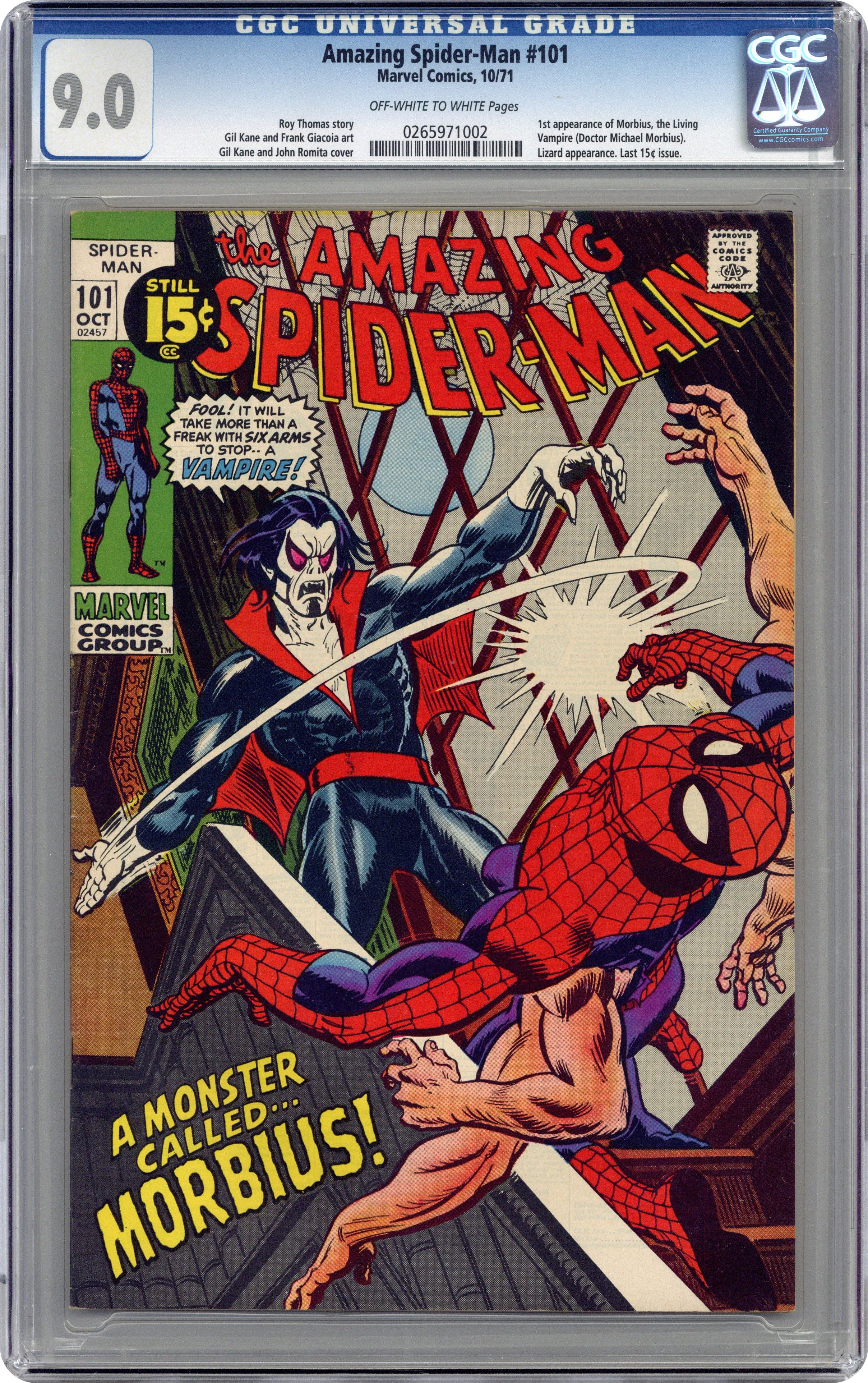 First appearance of Morbius the Living Vampire in "A Monster Called Morbius!" Script by Roy Thomas. Pencils by Gil Kane. Inks by Frank Giacoia. Cover by Gil Kane and John Romita. The first 100 issues of the Amazing Spider-Man title are in the books! And the next chapter in the web-slinger's anthology kicks off with the debut of Marvel's first bronze age vampire: Morbius! However, at the moment Peter Parker has a much bigger problem on his (six) hands. After drinking the special potion he developed, Aunt May's nephew grew four additional arms! Oh, my goodness! Peter is desperate to find a way to remove the arms, so he calls Dr. Curt Connors for help. Dr. Connors has a summer house and laboratory in Southampton on Long Island...and he gives Spider-Man permission to stay there and work on a cure. Meanwhile, a strange, pale, and bloodthirsty man is the sole survivor of a shipwreck near Southampton. And he's looking for a quiet place to rest. Oh no. Is the six-armed Spider-Man on a collision course with a living vampire? Oh yes! Cameo appearances by Gwen Stacy, J. Jonah Jameson, Joe Robertson, and the Lizard. Last 15ยข cover price. (Notes: This is the first issue of the Amazing Spider-Man series not written by Stan Lee. There exists a second printing of this issue published in 1992 with a silver background cover. Marvel also published a facsimile edition of Amazing Spider-Man 101 in 2021.) 36 pages. Cover price $0.15. Grade: CGC 9.0 explanation of grade Condition: Used (collectible)
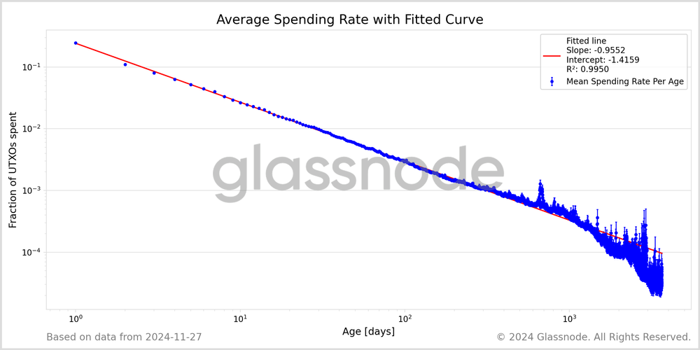 Estos hallazgos proporcionan una perspectiva continua sobre la edad de las monedas y su probabilidad de gasto, complementando el ya conocido concepto de inversores a largo plazo (ILP) y a corto plazo (ICP). La relación de la ley de potencias capta con precisión la transición gradual de un trading activo a una acumulación a largo plazo.
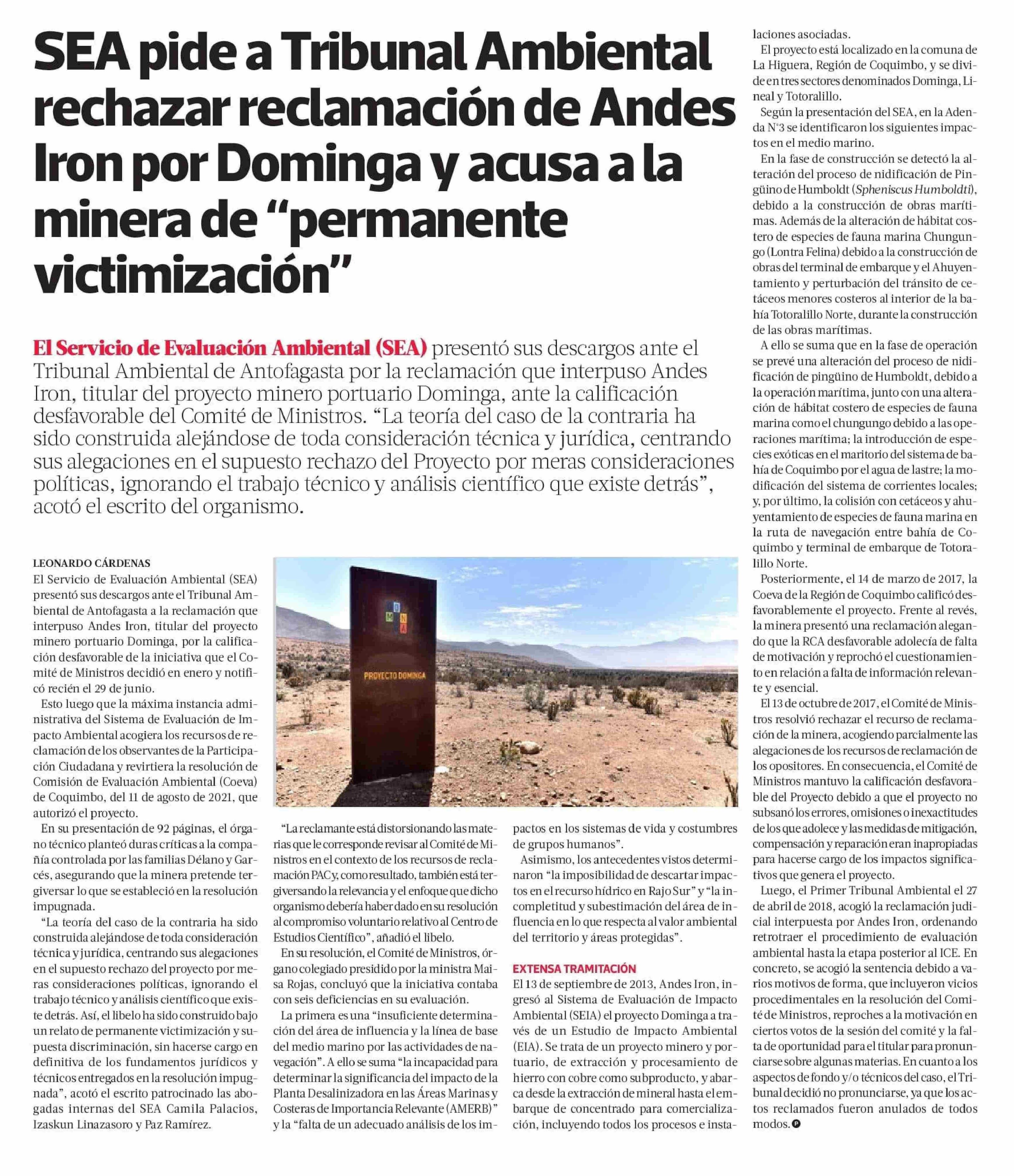 SEA pide a Tribunal Ambiental rechazar reclamación de Andes Iron por Dominga y acusa a la minera de “permanente victimización” 21-09-2023 La Tercera |
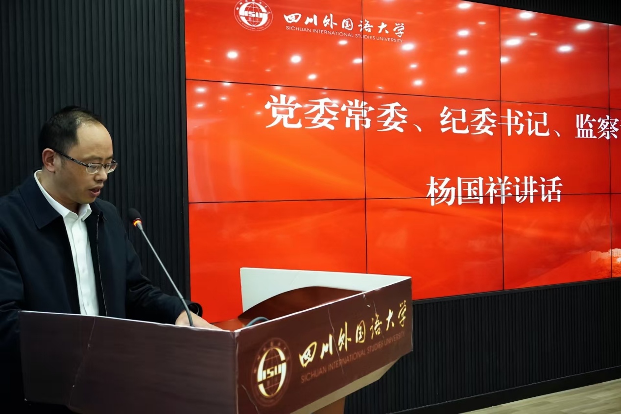 12月5日,四川外国语大学“外语倡廉”品牌启动、 “青春倡廉”宣讲团成立暨歌乐清风学社成立仪式在西区立德楼C117报告厅举行。党委常委、纪委书记、监察专员杨国祥出席仪式并讲话。
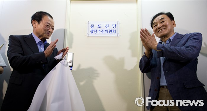 (서울=포커스뉴스) 10일 오후 서울 종로구 대한변호사회관에서 이재오(오른쪽), 최병국 전 의원이 중도신당 창당추진위원회 사무실 입주 및 현판식을 하고 있다.
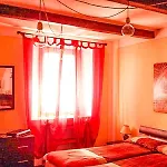 Denna lägenhet på 75 m^2 har balkong, te/kaffebryggare och teve i varje rum. I denna lägenhet finns separat toalett, badkar och dusch.

#### WORK REQUIRED:
Please give the entries above again exactly as written, leaving out any pictures.

#### EXERCISE RESPONSE:
 First appearance of Morbius the Living Vampire in "A Monster Called Morbius!" Script by Roy Thomas. Pencils by Gil Kane. Inks by Frank Giacoia. Cover by Gil Kane and John Romita. The first 100 issues of the Amazing Spider-Man title are in the books! And the next chapter in the web-slinger's anthology kicks off with the debut of Marvel's first bronze age vampire: Morbius! However, at the moment Peter Parker has a much bigger problem on his (six) hands. After drinking the special potion he developed, Aunt May's nephew grew four additional arms! Oh, my goodness! Peter is desperate to find a way to remove the arms, so he calls Dr. Curt Connors for help. Dr. Connors has a summer house and laboratory in Southampton on Long Island...and he gives Spider-Man permission to stay there and work on a cure. Meanwhile, a strange, pale, and bloodthirsty man is the sole survivor of a shipwreck near Southampton. And he's looking for a quiet place to rest. Oh no. Is the six-armed Spider-Man on a collision course with a living vampire? Oh yes! Cameo appearances by Gwen Stacy, J. Jonah Jameson, Joe Robertson, and the Lizard. Last 15ยข cover price. (Notes: This is the first issue of the Amazing Spider-Man series not written by Stan Lee. There exists a second printing of this issue published in 1992 with a silver background cover. Marvel also published a facsimile edition of Amazing Spider-Man 101 in 2021.) 36 pages. Cover price $0.15. Grade: CGC 9.0 explanation of grade Condition: Used (collectible)
 Estos hallazgos proporcionan una perspectiva continua sobre la edad de las monedas y su probabilidad de gasto, complementando el ya conocido concepto de inversores a largo plazo (ILP) y a corto plazo (ICP). La relación de la ley de potencias capta con precisión la transición gradual de un trading activo a una acumulación a largo plazo.
 SEA pide a Tribunal Ambiental rechazar reclamación de Andes Iron por Dominga y acusa a la minera de “permanente victimización” 21-09-2023 La Tercera |
 12月5日,四川外国语大学“外语倡廉”品牌启动、 “青春倡廉”宣讲团成立暨歌乐清风学社成立仪式在西区立德楼C117报告厅举行。党委常委、纪委书记、监察专员杨国祥出席仪式并讲话。
 (서울=포커스뉴스) 10일 오후 서울 종로구 대한변호사회관에서 이재오(오른쪽), 최병국 전 의원이 중도신당 창당추진위원회 사무실 입주 및 현판식을 하고 있다.
 Denna lägenhet på 75 m^2 har balkong, te/kaffebryggare och teve i varje rum. I denna lägenhet finns separat toalett, badkar och dusch.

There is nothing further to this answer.